How I Would Fix slow pages and weak Core Web Vitals in a Flutter and Firebase AI chatbot product Using Launch Ready.
If your Flutter and Firebase AI chatbot feels slow, the symptom is usually not 'Flutter is bad.' It is usually a mix of heavy first paint, too many...
Opening
If your Flutter and Firebase AI chatbot feels slow, the symptom is usually not "Flutter is bad." It is usually a mix of heavy first paint, too many network round trips, unbounded chatbot payloads, and Firebase reads that fire before the UI needs them.
The first thing I would inspect is the actual user path from cold start to first useful response: app launch, auth state, Firestore reads, model request, and any images, fonts, or third-party scripts loaded on that path. In most cases, the biggest business problem is not just poor Core Web Vitals.

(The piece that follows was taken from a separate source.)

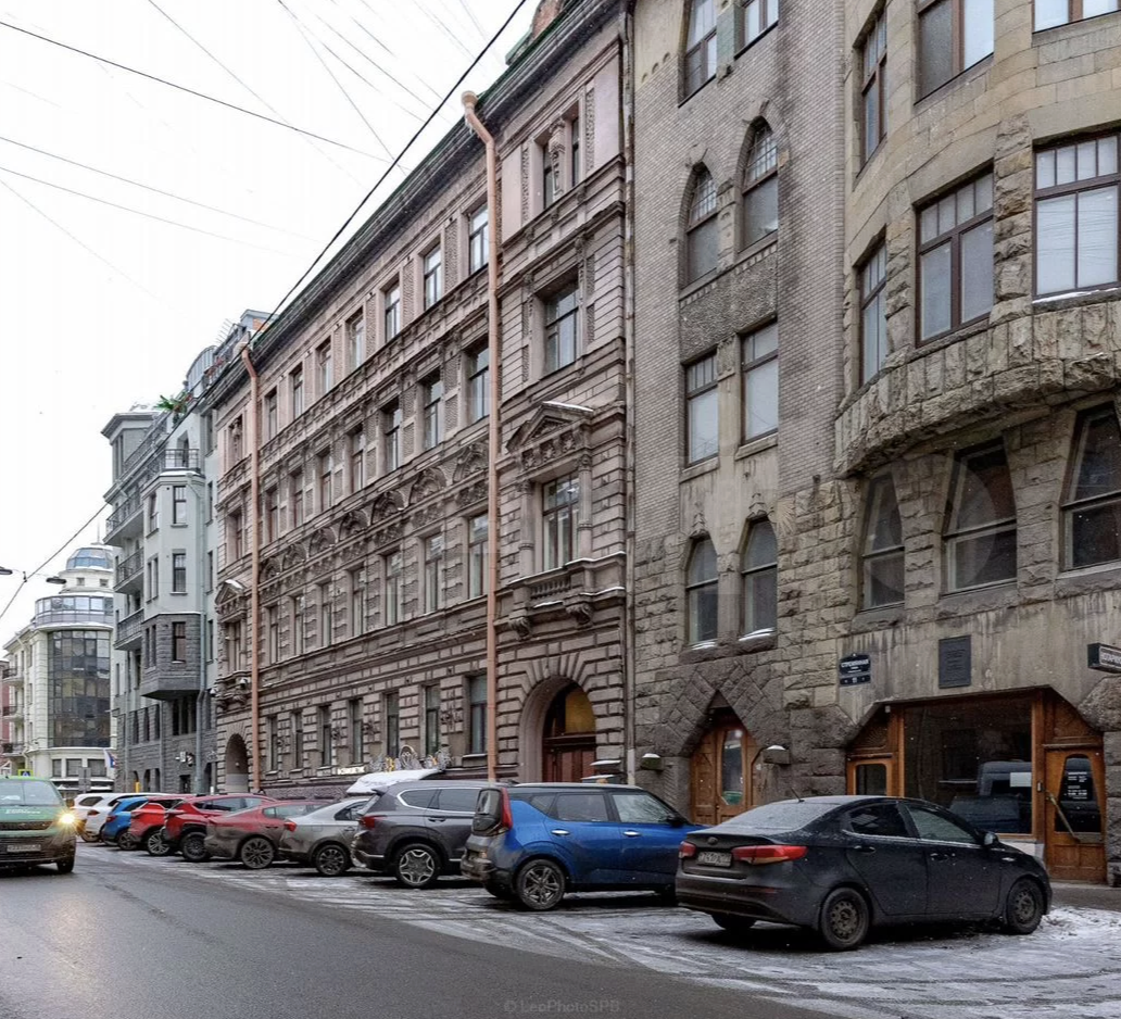 Сегодня мы посмотрим квартиру по адресу: Стремянная ул., 11. Это собственный доходный дом А. Ф. Бубырь — редкий случай, когда архитектор сначала строит дом по заказу, а затем выкупает его себе. Об истории этого здания я когда-то подробно рассказывал в одном из своих видео на ВК видео. Сам дом интересный и архитектурно выразительный, а рядом расположен небольшой Дмитровский сквер — приятная зелёная точка, которая добавляет месту уюта. Но сегодня нас больше интересует сама квартира. Она находится на шестом этаже, её площадь — 74,1 м², и формально это двухкомнатная квартира. Однако уже при взгляде на план становится понятно: перед нами объект с очень спорной логикой пространства. Входя в квартиру, мы попадаем в длинный и относительно узкий коридор. Он кажется обычным, но именно он подводит нас к главной особенности — большой кухне-гостиной площадью около 30 м². На первый взгляд — идеальное пространство: много места, свободная планировка, возможность организовать любую композицию. Интерьер

It is broken onboarding, higher drop-off, and more support load because users think the product is stuck.
Launch Ready is the sprint I use when the fix needs to be done fast without turning into a rewrite.
Triage in the First Hour
1. Open Lighthouse and record mobile scores for LCP, CLS, INP, and TBT on the main chat route. 2. Check Firebase console for Firestore read counts, document sizes, function logs, auth errors, and quota spikes. 3. Inspect Flutter build output for oversized assets, debug flags left on, and unneeded packages. 4. Review network waterfall in Chrome DevTools for duplicate requests, slow API calls, and blocking scripts. 5. Check whether chat history loads before first render or after the UI is already waiting. 6. Open Cloudflare analytics if it is already in place and look for caching misses and bot traffic. 7. Review deployment settings for environment variables exposed in client code or missing secrets. 8. Inspect error logs for failed model calls, timeouts, retries, and auth refresh loops. 9. Look at the mobile app start screen on a real device with throttled 4G and CPU slowdown. 10. Confirm whether images are compressed and whether fonts are self-hosted or blocking render.
flutter build web --profile firebase functions:log lighthouse https://your-domain.com/chat --preset=mobile
Root Causes
| Likely cause | What it looks like | How I confirm it | |---|---|---| | Too much work before first paint | Blank screen or spinner for 3 to 8 seconds | Trace startup with DevTools and measure time to first meaningful UI | | Firestore reads on app start | Multiple queries before user clicks anything | Check network waterfall and Firestore usage by screen | | Chat payloads too large | Slow message rendering after long conversations | Inspect document size and message history length | | Model request waits on extra logic | User waits while auth checks or profile fetches finish | Review request chain from button tap to response | | Heavy assets or web bundle | High LCP and poor mobile performance | Audit bundle size and image/font delivery | | Weak caching or no edge protection | Repeat visits still feel slow | Compare cold vs warm load times through Cloudflare |
The most common root cause in AI chatbot products is that the app tries to do too much at once: load identity state, fetch profile data, pull chat history, prepare prompt context, then call the model. That sequence creates visible delay even when each step seems "fine" in isolation.
I also see founders store too much conversation data in one Firestore document or render every message as if it were critical above the fold. That hurts both performance and reliability because one large thread can become expensive to read and expensive to display.
The Fix Plan
1. I would separate what must happen at startup from what can wait until after first paint.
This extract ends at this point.